The schema is defined below:
{
"schemaName": "orders",
"dimensionFieldSpecs": [
{"name": "id", "dataType": "STRING"},
{"name": "userId", "dataType": "INT"},
{"name": "status", "dataType": "STRING"},
{"name": "items", "dataType": "JSON"}
],
"metricFieldSpecs": [
{"name": "productsOrdered", "dataType": "INT"},
{"name": "totalQuantity", "dataType": "INT"},
{"name": "price", "dataType": "DOUBLE"}
],
"dateTimeFieldSpecs": [
{
"name": "ts",
"dataType": "TIMESTAMP",
"format": "1:MILLISECONDS:EPOCH",
"granularity": "1:MILLISECONDS"
}
]
}
And the table config:
{
"tableName": "orders",
"tableType": "REALTIME",
"segmentsConfig": {
"schemaName": "orders",
"timeColumnName": "ts",
"timeType": "MILLISECONDS",
"replicasPerPartition": "1"
},
"tenants": {},
"tableIndexConfig": {
"loadMode": "MMAP",
"streamConfigs": {
"streamType": "kafka",
"stream.kafka.consumer.type": "lowLevel",
"stream.kafka.topic.name": "orders",
"stream.kafka.decoder.class.name":
"org.apache.pinot.plugin.stream.kafka.KafkaJSONMessageDecoder",
"stream.kafka.consumer.factory.class.name":
"org.apache.pinot.plugin.stream.kafka20.KafkaConsumerFactory",
"stream.kafka.broker.list": "kafka:9092",
"stream.kafka.consumer.prop.auto.offset.reset": "smallest"
}
},
"ingestionConfig": {
"transformConfigs": [
{
"columnName": "ts",
"transformFunction": "FromDateTime(createdAt, 'yyyy-MM-dd''T''HH:mm:ss.SSSSSS')"
}
]
},
"metadata": {"customConfigs": {}},
"routing": {"instanceSelectorType": "strictReplicaGroup"}
}
Order Items Enriched
order_items_enriched is a real time table that consumes data from the enriched-order-items stream.

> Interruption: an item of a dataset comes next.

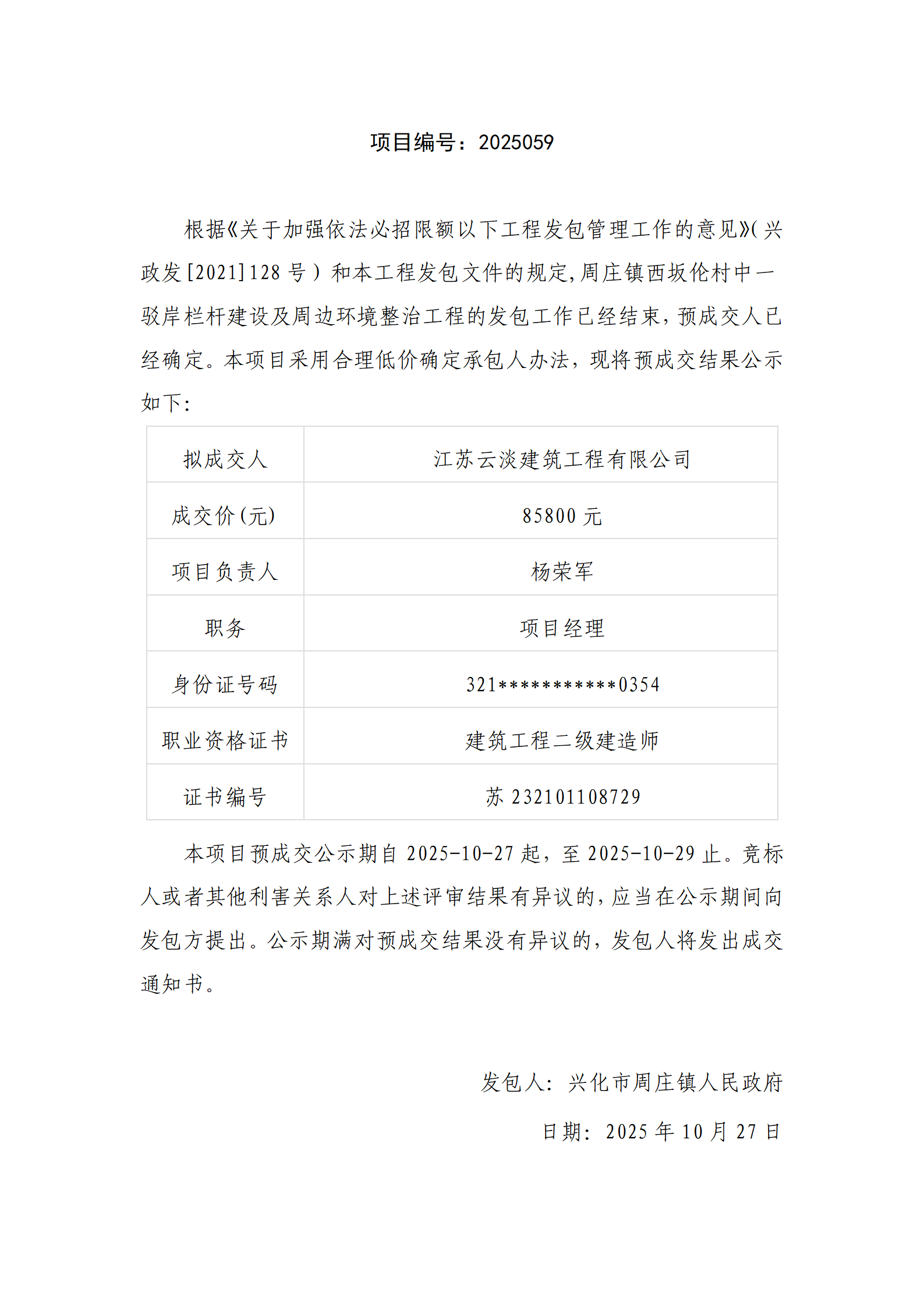 镇西坂伦村中一驳岸栏杆建设及周边环境整治工程预成交公示
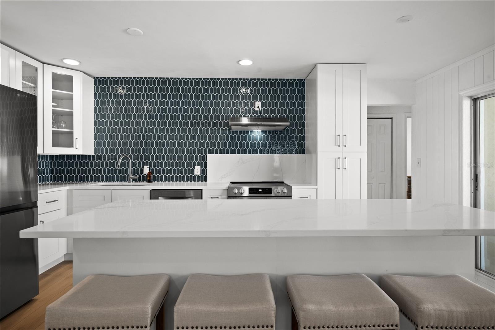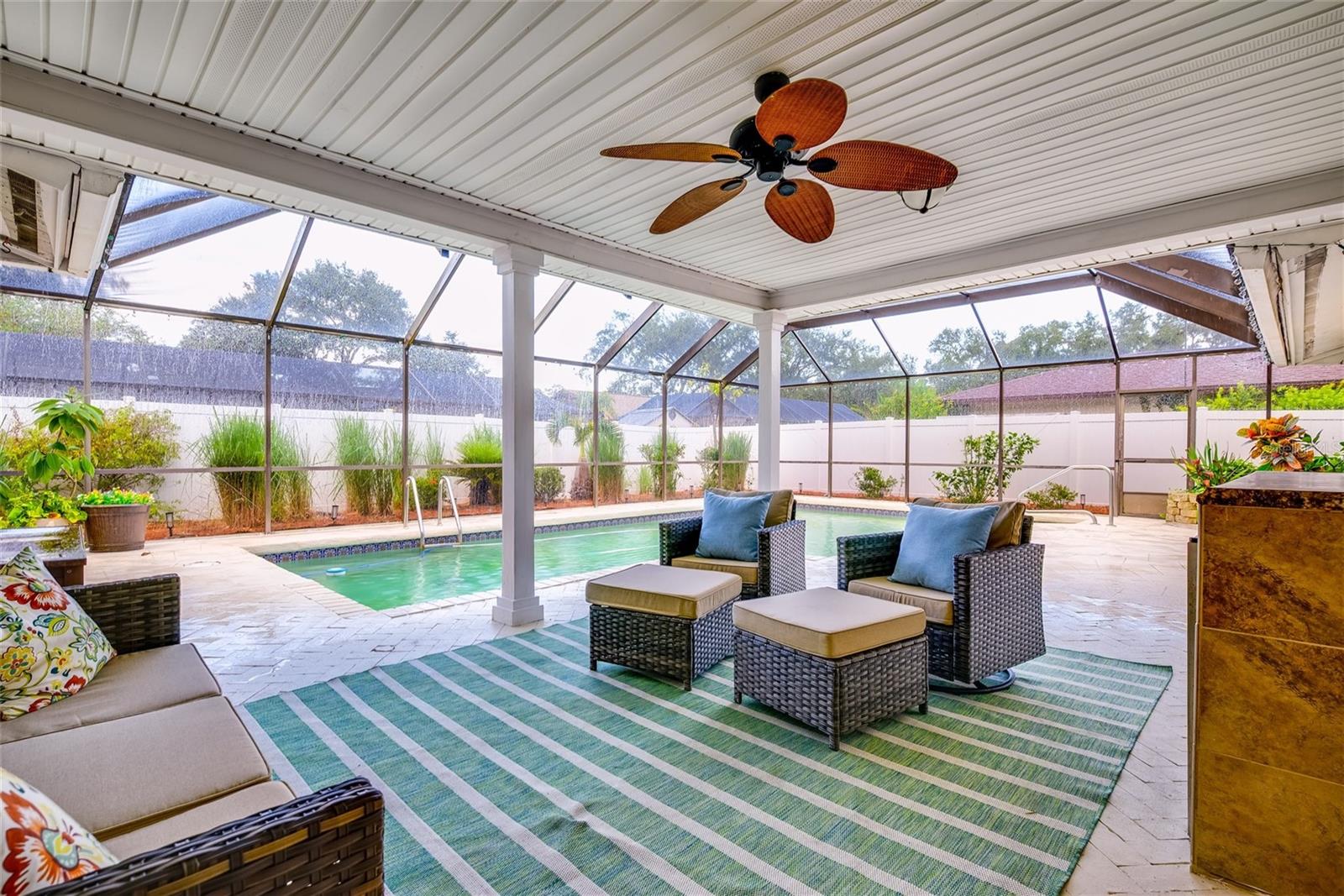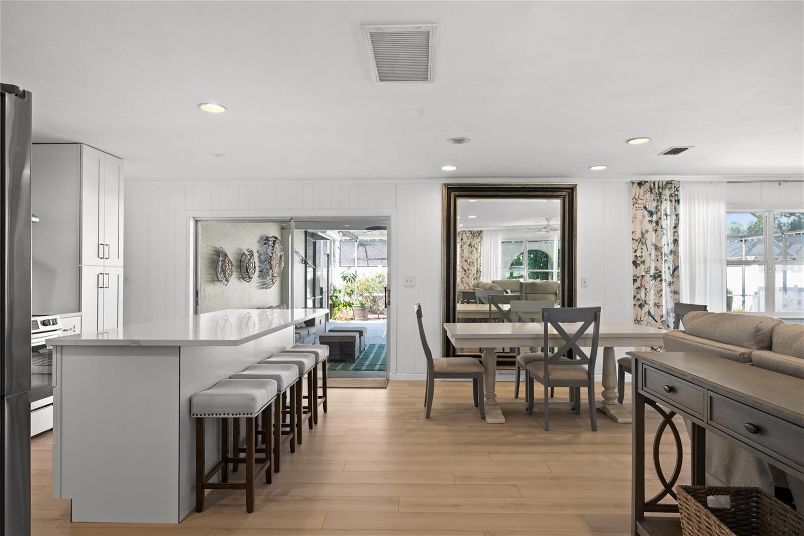 Recém-renovado, plano dividido 3 br/ 2 ba/ 2 carros gar. casa com piscina - 3 km da praia! Esta propriedade acaba de passar por uma reforma atraente e apresenta um design moderno, fluido e ABERTO que os proprietários MOTIVADOS estão prontos para você aproveitar! Entre em uma planta aberta banhada por luz natural, com lindo e luxuoso piso de pranchas de vinil por toda parte. O coração da casa é a cozinha totalmente nova, o sonho de um chef com elegantes bancadas de quartzo, eletrodomésticos de aço inoxidável novos e nunca usados, armários personalizados com fechamento suave, backsplash de azulejos personalizados e uma ilha espaçosa perfeita para trabalhos de preparação e jantares casuais. A suíte principal com NOVO WALK-IN CLOSET e BANHEIRO EN-SUITE é um retiro sereno com um banheiro master recém-remodelado com um LUXUOSO box amplo de grandes dimensões, chuveiro de efeito chuva com azulejos personalizados e VANIDADES DUPLAS. *Observação Os planos de móveis e armários personalizados By Design para armários podem ser adicionados como uma opção à sua compra! Do lado de fora, a área de varanda protegida continua sendo um paraíso para artistas, completa com uma área de serviço ao ar livre e lounge coberto, pronta para sua próxima reunião familiar! Aproveite a vida na Flórida o ano todo com sua piscina cintilante tendo o AQUECEDOR como peça central. Benefícios bônus e tranquilidade: Esta casa oferece mais do que apenas uma aparência nova - ela vem com atualizações significativas do sistema, incluindo os dutos de ar condicionado sendo todos refeitos. O telhado, a unidade de ar condicionado e o aquecedor de água têm aproximadamente 8 a 10 anos de idade. Também está incluído um refrigerador adicional de aço inoxidável, além de lavadora/secadora e armários de armazenamento extra grandes na ampla garagem para 2 carros! Desfrute de uma localização conveniente em um ótimo bairro familiar. Esta propriedade oferece tranquilidade, pois é alta e seca em uma zona sem evacuação, X, sem inundação. Não perca a oportunidade de possuir uma casa de designer refeita em uma rua excelente com todas as escolas Seminole!

The schema is defined below:
{
"schemaName": "order_items_enriched",
"dimensionFieldSpecs": [
{"name": "orderId", "dataType": "STRING"},
{"name": "product.id", "dataType": "STRING"},
{"name": "product.name", "dataType": "STRING"},
{"name": "product.category", "dataType": "STRING"},
{"name": "product.image", "dataType": "STRING"}
],
"metricFieldSpecs": [
{"name": "product.price", "dataType": "DOUBLE"},
{"name": "orderItem.quantity", "dataType": "INT"}
],
"dateTimeFieldSpecs": [
{
"name": "ts",
"dataType": "TIMESTAMP",
"format": "1:MILLISECONDS:EPOCH",
"granularity": "1:MILLISECONDS"
}
]
}
And the table config:
{
"tableName": "order_items_enriched",
"tableType": "REALTIME",
"segmentsConfig": {
"timeColumnName": "ts",
"timeType": "MILLISECONDS",
"schemaName": "order_items_enriched",
"replicasPerPartition": "1"
},
"tenants": {},
"tableIndexConfig": {
"loadMode": "MMAP",
"streamConfigs": {
"streamType": "kafka",
"stream.kafka.consumer.type": "lowLevel",
"stream.kafka.topic.name": "enriched-order-items",
"stream.kafka.decoder.class.name":
"org.apache.pinot.plugin.stream.kafka.KafkaJSONMessageDecoder",
"stream.kafka.consumer.factory.class.name":
"org.apache.pinot.plugin.stream.kafka20.KafkaConsumerFactory",
"stream.kafka.broker.list": "kafka:9092",
"stream.kafka.consumer.prop.auto.offset.reset": "smallest"
}
},
"ingestionConfig": {
"transformConfigs": [
{
"columnName": "ts",
"transformFunction": "FromDateTime(\"createdAt\", 'yyyy-MM-dd''T''HH:mm:ss.SSSSSS')"
}
]
},
"metadata": {"customConfigs": {}},
"routing": {"instanceSelectorType": "strictReplicaGroup"}
}
Dashboard
The code for the dashboard is written using Streamlit, a Python based framework for building interactive web applications. We query Pinot using its Python client and render results using Pandas' DataFrames and plot.ly charts.